ENCRUCIJADA EN LA LLUVIA
F.J. CALVENTE
Quiero salir, pero no salgo.
Estoy fuera, pero no abajo. En el balcón o en un intermedio, entre una
posibilidad posible o esta imposible perspectiva. Hierros negros limitan el
vacío. Veo la calle, el día, este sábado, los embates de un otoño decidido,
riguroso, exigido a su precepto. Un poco arriba, suspendido, yo, pero no abajo,
en la calle. La Alameda. La voluntad de ir a ella, los lloros previos que
demoran mi pretensión. Veo. Detenido ante la encrucijada.
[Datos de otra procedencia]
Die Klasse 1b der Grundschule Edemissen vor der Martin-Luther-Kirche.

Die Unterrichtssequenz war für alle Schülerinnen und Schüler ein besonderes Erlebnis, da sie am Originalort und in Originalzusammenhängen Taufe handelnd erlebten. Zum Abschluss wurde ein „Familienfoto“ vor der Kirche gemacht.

Siento el frío de los
fierros, los muchos yerros del pasado que ahora no advierto como verdaderos.
Límites y avanzadillas. Retrocesos. Cierro los ojos. Inspiro el hálito de la
mañana, mañana ya avanzada, moribunda. Huelo a tierra mojada, a siembras y
recolecciones al mismo tiempo, e imagino los suelos roturados como las arrugas
de los tiempos que cruzan mi cara, o igual a esas imperturbables líneas de mármol
de la Alameda, o de los bordillos de esta travesía de San Francisco de Asís, términos
precisos, necesarios para el equilibrio. Mis pies se hunden en la tierra de la evocación.
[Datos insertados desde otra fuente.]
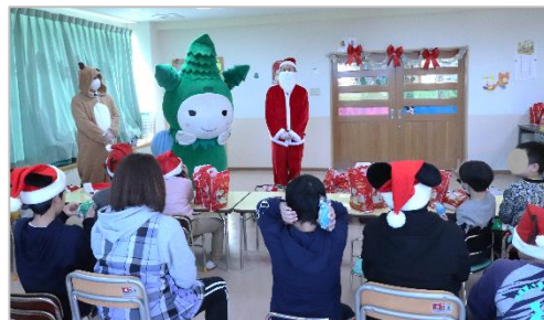
2020年12月（栃木県） 栃木岩舟店 児童福祉施設へ景品寄贈

Barros. La nostalgia es una arena movediza, asentada entre los lodos de la
existencia. Un instante, y otro, y otro más… Pero esta reunión de instantes
crea, bien es verdad que no aquello de un lapso concreto, probado, izado ya en
recuerdo, tejido con el tañido de las resonancias en recónditos pliegues de mis
adentros, de los intangibles, de los sensibles, edifica en esta visión desde mi
mirador, lo siento, otro instante para en seguida deshacerlo. Otro instante acicalado
con el color del cielo, de cenizas, desánimos, sigilos contrariados. Un
pensamiento cruza igual de raudo mi mente, o refleja aquí una de aquellas vibrantes
resonancias, ecos del alma. Acaso sea este lo importante, el instante, el
momento, o la logia de los instantes, de los momentos, uno, y otro, y otro más.
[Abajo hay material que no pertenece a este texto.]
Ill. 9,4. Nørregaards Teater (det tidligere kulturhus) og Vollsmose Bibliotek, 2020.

Me pregunto por qué, obviando que lo sé. La belleza se modela de instantes,
cristalizándose para arrancar de ellos mismos la luz con la que esplenden la
fugacidad, que no es causa sino efecto, una fugacidad en la que se expande el
Universo, infinito, infinitesimal. Magia. Sueño. Entonces abro los ojos. Un
instante, cae un pentagrama de uno de los árboles, una hoja que se viste de un
ocre inaugural, y otra, y otra más, insólitas en la enormidad verde, mixtura de
verdes umbríos y de níveos verdes, como el océano de otoño en la refracción de retraídas
brazadas de sol tras el nublado. Y otro instante, fusilazos de sombras plomizas,
desaguadas por la deprimida cal de las paredes, muros húmedos que vierten en
las piedras hermanas de la calle la lápida grisácea del cielo, paredes
franciscanas, una, y otra, y otra más, serenas, de sencilla geometría, amables.
Tejados que espejean el otoño. Y otro instante más, acompasadas lágrimas, tímidas,
lloran las nubes, de rápida enseñanza, de arrastres, con vocación de
inmensidad, piélagos futuros. La primera gota cae en mi ojo, reunida a otras
con sabor a mar y a ternuras; otra en los labios, una invitación al silencio, la
insistencia de oír el momento, o los momentos. Instantes. Bellos instantes o la
métrica de la Belleza. Instantes en la encrucijada, transgrediendo cuanto
verdadero acopia el pasado, al pie de la Alameda, en mi balcón, solvencia del
presente, en mi casa, dentro pero también fuera. Instantes que dicen: “Chissssshh… estoy escuchando la lluvia”.